Было видно, что она совсем потеряла голову.

Шимиджи — это вёшенка. Аяка — моя японская студентка. В парке острова Сан Серволо я собрал полный мешок моховиков и вёшенок.

У Бурано — скорее маленького города, чем большой деревни, — есть широкая главная улица, которая впадает в большую площадь. На площади — собор, памятник местному уроженцу композитору Галуппи и Музей кружев. На главной улице, через дом — то ресторан, то магазин кружев. Ресторанные столики вынесены на улицу и, несмотря на серый денек, яблоку негде упасть. Толпы туристов слоняются от еды к магазинам и обратно, но строго до угла площади. На самой площади, где все главное на острове Бурано, — ни души.

Музей подрывает местную торговлю на корню. После него на продающиеся в магазинах кружева, даже дорогие, смотреть не хочется.

На площади у собора — праздник. На большом листе бумаги фломастером криво написано, что можно за совсем небольшие деньги отведать местное угощение: жареную мелкую рыбку или жареных кальмаров с полентой. Можно еще взять стаканчик отличного местного белого.
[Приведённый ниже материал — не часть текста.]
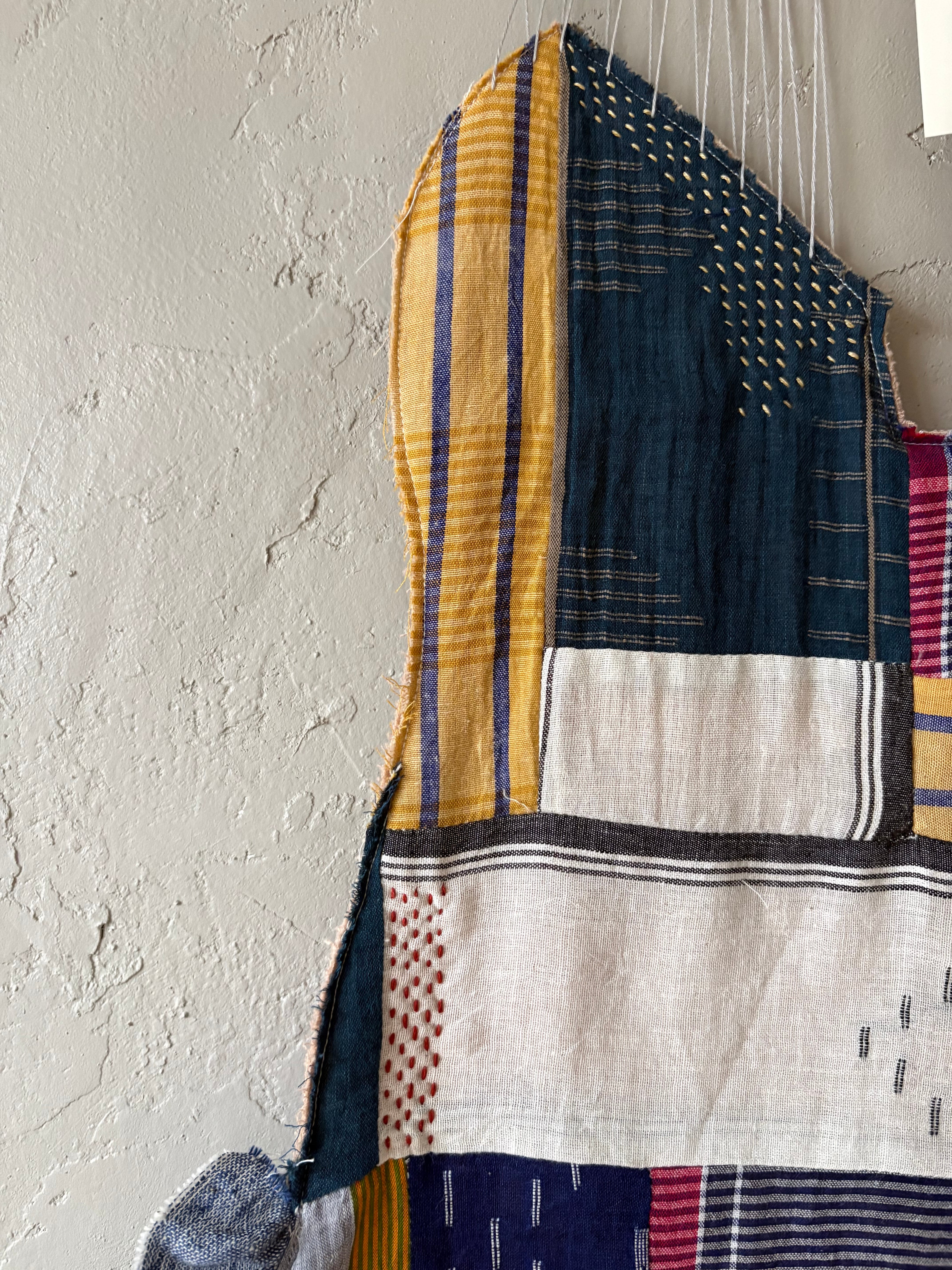 洋服づくりの過程で生まれた、小さなハギレたちを一つずつ選び、縫って、重ねて、また縫って。
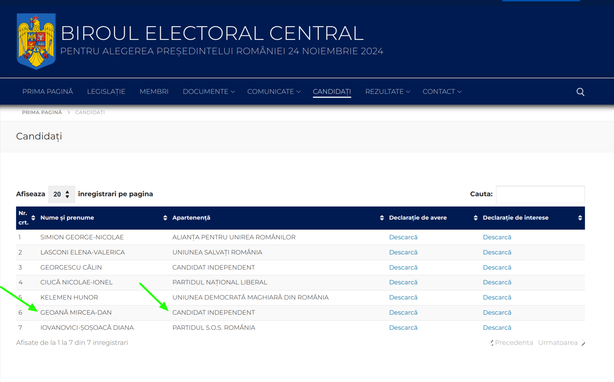 Captură de ecran pentru pagina 'Candidați la alegerile prezidențiale din 24 noiembrie 2024', de pe site-ul Biroului Electoral Central, BEC (captură făcută la data de 6 octombrie 2024). În imagine se observă că la poziția nr. 6 din lista candidaților se află Mircea Geoană, care figurează ca independent.

Повара и продавцы — коренастые старики, то ли старые моряки, то ли просто выпивохи. Старики готовят вкусно и приветливо улыбаются немногочисленным покупателям.

На соседнем острове Мацорба — сады и виноградники. Виноградник похож на старинную рукопись: ряд открывается кустом алых роз, как строка — раскрашенной киноварью буквицей.

На каждой треноге, отмечающей фарватер, сидит чайка. Я видел нечто подобное в 1982 году в Астраханской области. Поезд шел по пустыне, и вдоль железной дороги на каждом телеграфном столбе сидел орел. Сравнение — не игра ума и не риторический прием, а инструмент припоминания.

В Италии евреи неотличимы от окружающего населения.

Сперва я написал: «В Италии евреи обладают преимуществом: они неотличимы от окружающего населения». Потом подумал: «В чем преимущество? Да и преимущество ли это?» Окончательный вариант см. выше.

Двадцать лет тому назад я оказался в Итальянской синагоге в Иерусалиме. Больше всего меня поразили лица прихожан. До этого я встречал такие только на картинах кватрочентистов, например Пьеро делла Франческа. Рядом со мной на скамье сидел вылитый Федериго да Монтефельтро, тот же нос крючком и выпирающий купол лба. За ним некто с нижней челюстью Михоэлса и разбойными глазами кондотьера. Я тогда подумал, что итальянские евреи сохранили фенотип ренессансного человека.

На Рошашоне я упустил возможность прийти в синагогу в национальном костюме итальянского еврея: надеть пиджак догадался, а галстук — нет. Это был, кажется, единственный правильный случай использовать взятый с собой непонятно зачем галстук.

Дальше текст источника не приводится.